The Bakers Creationz facility was fortunately undamaged during the 2021 riots in the province, and when bread supplies ran out in the area, the company expanded its product range to include hot dog rolls and burger buns, which now form a permanent part of its production.
Bakers Creationz won Pick n Pay’s 2022 Small Suppliers of the Year Awards (which recognises suppliers for their performance, sales growth or ability to create jobs over the last year) which Sithole said increased his confidence and “helped me to realise the areas I am falling short on, what I am doing right and what I need to improve on. Being part of Pick n Pay’s Enterprise and Supplier Development programme means that Pick n Pay is holding my hand and giving me confidence to develop my products.”

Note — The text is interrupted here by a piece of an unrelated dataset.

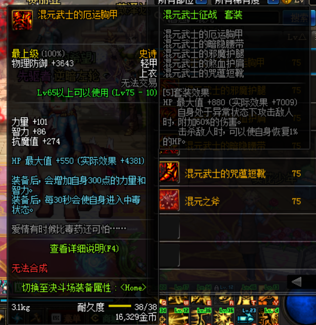 第二套要说的,可能比逆龙套知名度要高一点,混元武士套,跟精炼首饰一样,进图以后你就分不清东南西北了。套装属性也简单粗暴,自身处在异常状态的时候,附加60%的伤害。60%,这个数值不管放在哪里都不算低。这些装备现在想要获取的话,可以通过时空之门深渊,歌兰蒂斯处只能换三件。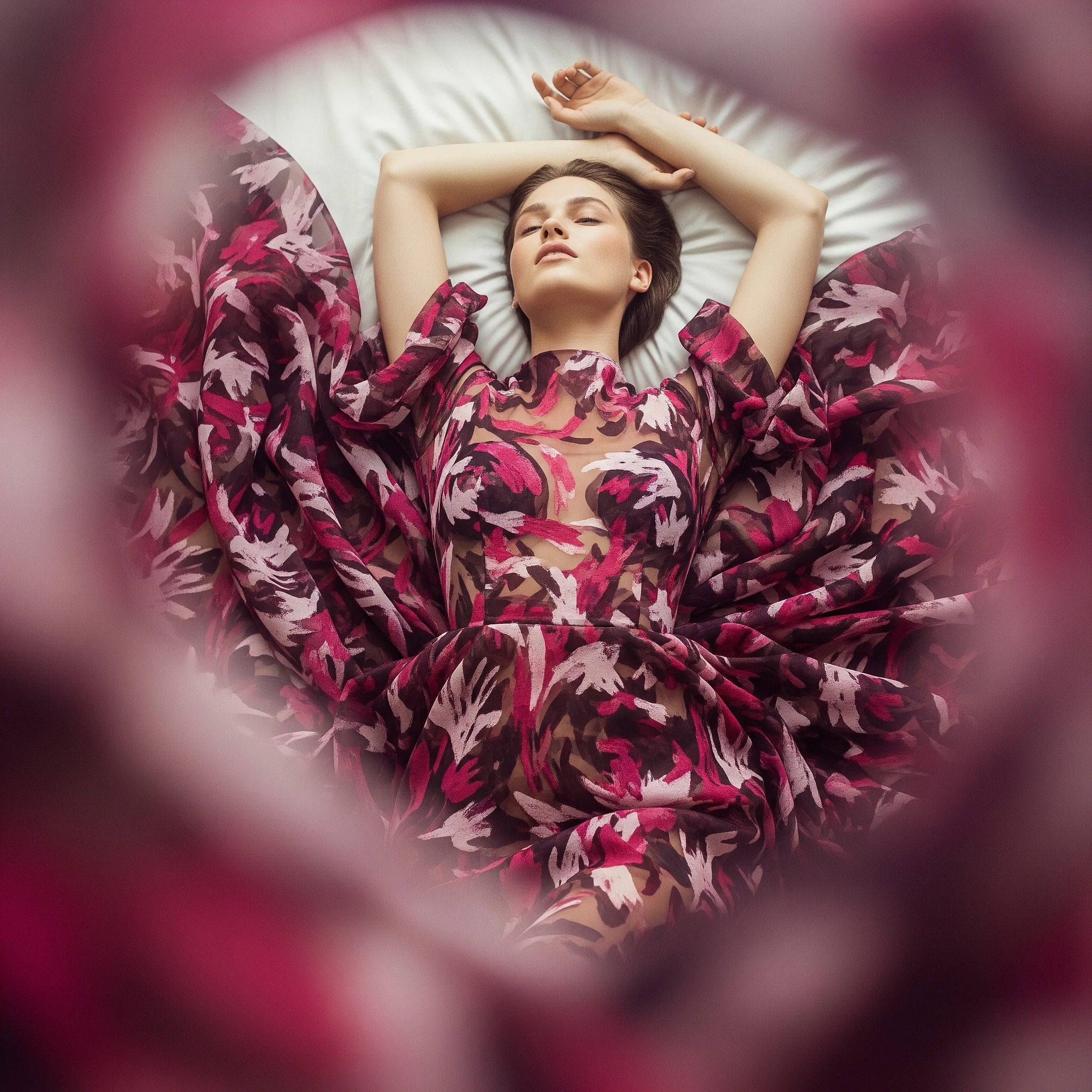 A dreamy, fashion-forward photograph of a model in a sheer, intricately detailed gown. The dress is covered in an abstract, painterly pattern of deep crimson and dark maroon, creating a striking contrast against her skin. She is lying on a bed, with her arms above her head, embodying a sense of carefree elegance. The image has a soft-focus, ethereal quality, emphasizing the delicate nature of the fabric and the relaxed, natural pose. Use a shallow depth of field to highlight the subject and the flowing fabric of the dress.

He says, “My vision and goal for this year are to continue expanding to all other Pick n Pay regions, and to extend and increase product lines. I’ve got a couple of ideas for cakes, especially for Pick n Pay. We just need to finalise packaging and the practicality of shipping, as the product needs to arrive at your customer in excellent condition.”
When asked if he enjoys his cake for his birthday, he says he has never had one on his special day – despite being surrounded by cake. “Nurturing a growing business is hard work and I have even had to work on my birthday. I am hoping to be able to build the business to a point where I can take time off and celebrate properly,” says Sithole.